These things require moving around the mash in the most sanitary way possible, which means air, light and surfaces are potential enemies of your ale. The less exposure, the better. Surfaces are the most controllable, so it's important to clean, reclean and clean again anything that comes to touch the juice. The rule is, just when you think it's been cleaned, clean and rinse it again. Yeast is a very finicky house guest. You need to change the sheets and wipe around the bowl, or it won't stay the night. So whatever bottle you drain off the wort, leaving the dead yeast in the pale, make sure it's food grade sanitary clean, or however you'd like to call it. I use a cap of bleach per gallon, and or good, no rinse brewing cleaners (which have to sit for 20 minutes).

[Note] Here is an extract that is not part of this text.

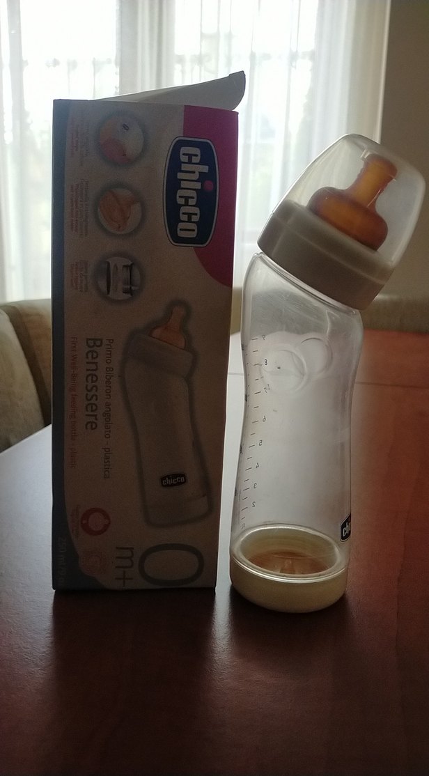 Chicco Benessere bebek biberonu beyaz yumuşak silikon emzikli, ölçü işaretli ve koruyucu kapaklıdır.

As much as I like the overpriced glass carboys from the brew supply stores, big, light, spring water bottles (without the BPA) aren't a bad alternative. Of course, they are not something you can pour boiling water into to clean, so bleach/cleansers are vital here.
Here's what's left in the pale when the wort it's drained off, leaving the dearly departed yeast behind. What's comes next is cleaning, recleaning and cleaning again. And when done, you guessed it, time to clean again, without using anything abrasive to scratch he inside of your food grade pale, unless you want to just fill it with potting soil and use it for growing Kale, because scratches break places for things to grow that will highjack your next batch of whatever... so the theory goes.
Of course, it makes one wonder what those Belgians do with old gnarly wood casks that actually cultivate the kind of things we're so paranoid to avoid. I'm sure microbiologists have ready answers, but for now, I'm staying Mr. Clean when it comes to the
And of course, there is the "pour-back" phase, into the clean clean clean pale, which brings air back to he wort. When done, I added a little more dry ale yeast (Nottingham, 'cause I luv her), and a little more fermentable sugar, in the form of honey, because it's sanitary but definition, since no bacteria can live on it's tightly bound cellular bonds (as it's been explained to me at the brew club), making it the lazy boy's sugar of choice to keep the ale moving forward before the bottle aging phase. After filling the pale back up and capping it off, we popped it back in a chilly spot (49-55 F degrees on average), off the concrete floor, on wood.
The ingredients are a separate matter and this batch included a whole bunch of stuff you'll find listed on the post-it note, including a can of Coopers dark malted ale, a pound of medium dark malt, a half pound of honey, more barley malt and some pumpkin, both roasted and canned pumpkin.
It's got two kinds of hops, including Chanook from Hop Union and Willamette hop pellets that came from the brew supplier in one old kit or another, which I added, and re-added to taste.
At bottling, I used white pine needles for a portion of he batch, in the spirit winter and of gruit, the bitter compound of choice before hops were widely adopted as the flavorful work around against med-evil church tax codes that placed a fee on the use of gruit for bittering of ales.